The radio program also talked about the finer details of apologies. First, we want the person to feel bad. We want remorse, we want pain, we want guilt. Unfortunately, we can’t control how someone feels. We can go by what they do as we make judgments, or by how well they seem to have heard us, but we can’t make someone feel different.

Secondly, we want assurance that the person won’t do the offending thing again. An apology loses its value if, say, someone apologizes for stepping on your foot and then they turn around and stomp on it again. We want a change in behavior accompanying the apology.

When we are apologizing to God, however, it’s a little different. We see this in the Psalm today. This one is historically understood as the Psalm David wrote after being caught in his affair with Bathsheba and the killing of her husband Uriah. It's heading in the Bible reads, “A Psalm of David, when the prophet Nathan came to him, after he had gone in to Bathsheba."

When apologizing to God, asking forgiveness, confessing our sin, it sort of does matter how we feel, since unlike other people God can tell.

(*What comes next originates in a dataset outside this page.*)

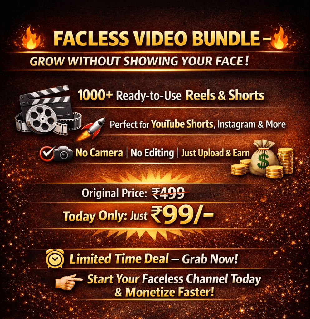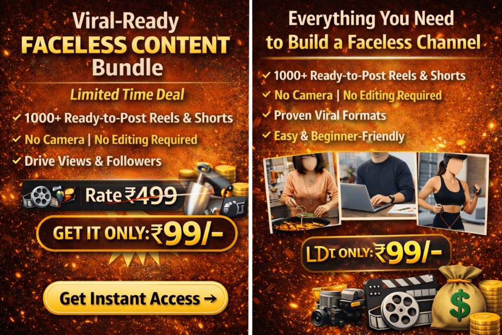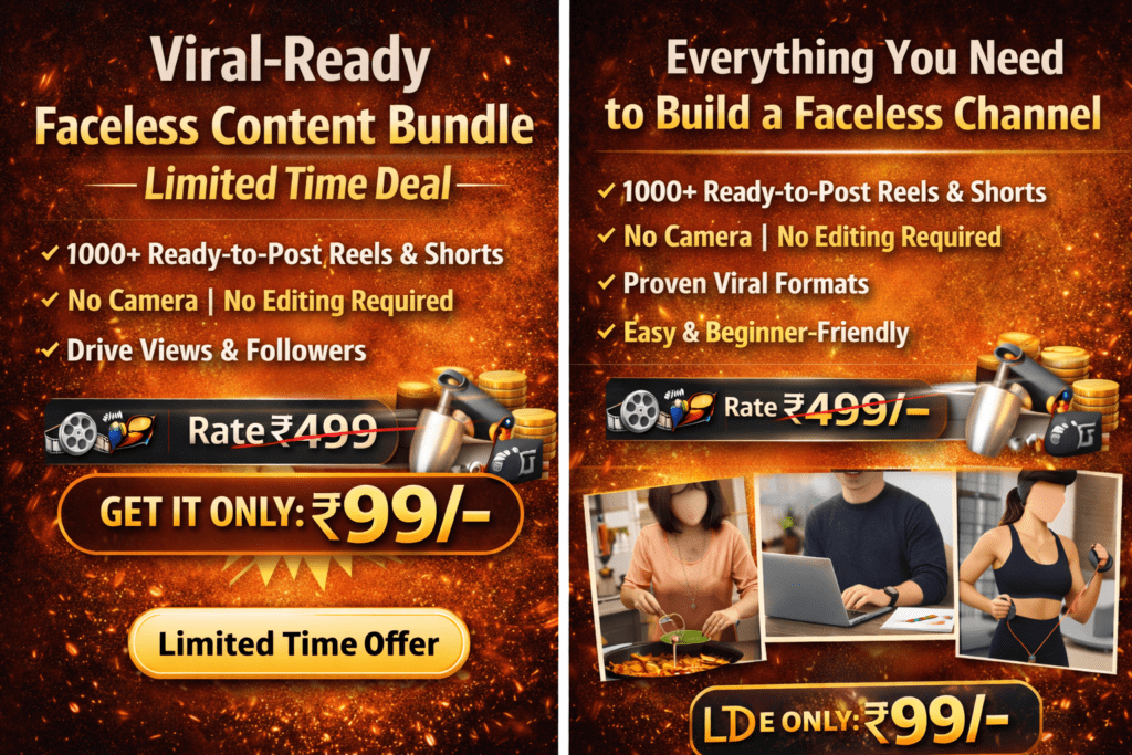 “This faceless video bundle saved me so much time. I started posting daily and my views increased within a week. Totally worth ₹99/-“

The language of the Psalm shows us this -- "my sin is ever before you" and "you are justified in your sentence...indeed, I was born guilty." We might say this apology is overdone these days, but we get the full expression of David's guilt and the weight of his actions as he asks God for help and mercy in the midst of the trauma of it.

In the Christian tradition we apologize and ask for forgiveness as a matter of course, to make right anything we might have messed up. Traditionally worship has included a prayer of confession every Sunday, just to cover that part. I'm not the only clergy that doesn't include a specific prayer of confession every week, but I include it especially on Communion Sunday, to help prepare us for Communion, although you can come to the table and ask to be changed here. God can work on you in Communion too. But we do ask forgiveness every week anyway, everytime we pray the Lord’s Prayer: "forgive me my trespasses as we forgive those who trespass against us." Forgiveness and mercy, every week, every day we pray Jesus' prayer.

But just like with apologies from the people in our lives, changing behavior is an important part of apologizing to God. We don't just say, "Give me a clean slate so I can mess up again." David asks God to “create in me a clean heart, O God, and put a new and right spirit within me.” He is taking his heart and offering it to God, saying, “Change it. Change me. Transform me. Make be better.”

The hardest part, really, is the asking to change. The newspaper (can't find it online yet) had an article this morning asking if, when people are drunk and do despicable things, is it really them or the alcohol speaking. Evidence says its them - their inhibitions were down but what they say was in them. What they said came out of their mouth -- like Jesus said, "It's not what you put in your mouth that defiles you but what comes out of it." So when we pray, "Create in me a clean heart" we are not asking for better control of what we say, better management of how we present ourselves to the world. We are asking for a change in what is on our minds and in our hearts. We are asking for the stuff inside us to be changed. We aren’t asking for a heart transplant, really, a different heart than the one we’ve always had but instead to be shaped so we have the heart God meant us to have, so we have the heart God dreamed us to have.

And finally David asks God to stay with him, not to abandon him, even as he faces the consequences of his behavior. "Take not your holy Spirit from me, and cast me not away from your presence." In the mess he has to face, even after his apology, David needs God with him. As he works to be changed, he needs God with him.

So we can say, “My bad,” or we can say “My heart, change it” but in the end we must say, “My God, stay with me through this.”